The group was almost entirely male. There were two women from the Legislative Assembly, true, but even some of the legislators tended to be ex-legionaries, hence typically male, since many had run on Parilla's presidential ticket, and been elected on his coattails. Of those, most had volunteered for the select committee. On the other hand, the initial Senate had been handpicked from Legion veterans. Those were mostly male and, of the women who had passed through the Legion, none had really had the chance to shine.
Where 'shine,' thought Carrera, equals the opportunity to lose eyes and limbs. In any case, they haven't had the chance . . . yet.
His eyes swept over the small assembly, counting human appendages. Of the twelve senators of the select committee, there were only nineteen arms, seventeen legs, and twenty-one eyes. I sure hope none of them lost their balls, too.

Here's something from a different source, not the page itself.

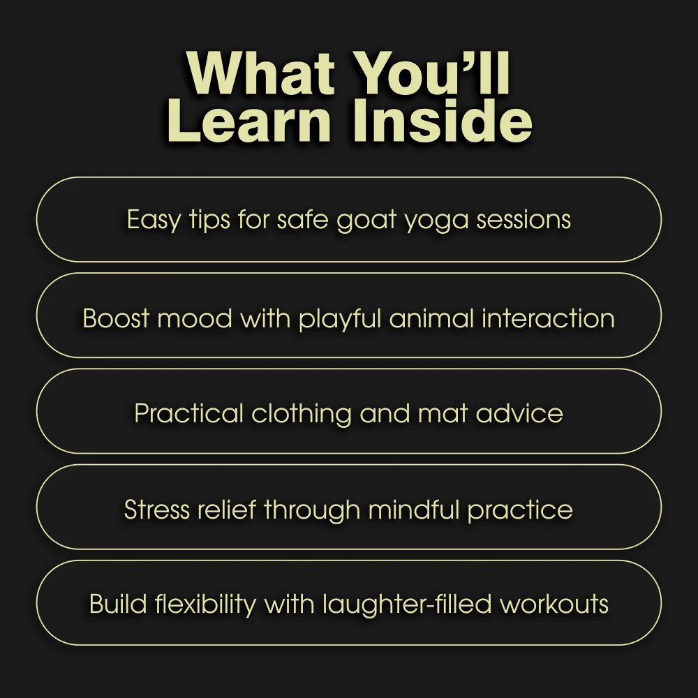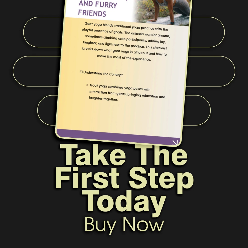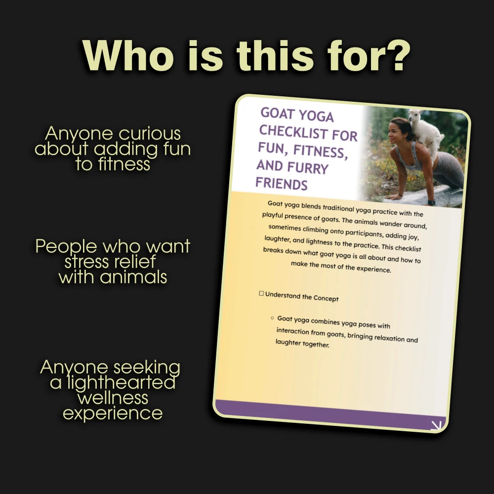 This checklist is perfect for anyone curious about goat yoga, whether you’re brand-new to yoga, a fitness enthusiast looking for a playful twist, or someone who loves animals and wants to try something different. It’s designed to be clear, simple, and welcoming, making goat yoga accessible to all.

Their average age was a bit over thirty-five, a deliberate effort on the part of Parilla and Carrera, who had done the hand selecting, to make the Senate as mature as possible, given the constraint that the Legion was mostly young.
After the committee members had taken seats, Carrera took his own. "Senators," he began, rather than Conscript Fathers, which had been his first instinct. They really were too young for that title, in any event, even though they had been conscripted. Then, nodding at Parilla, he continued, "Princeps Senatus and President, legislators, I've asked you here"—Carrera put a very strong emphasis on the word, "asked"—"because we are facing a war, a very hard war, and there are things I am no longer willing to take on, myself, things I no longer trust my own judgment with."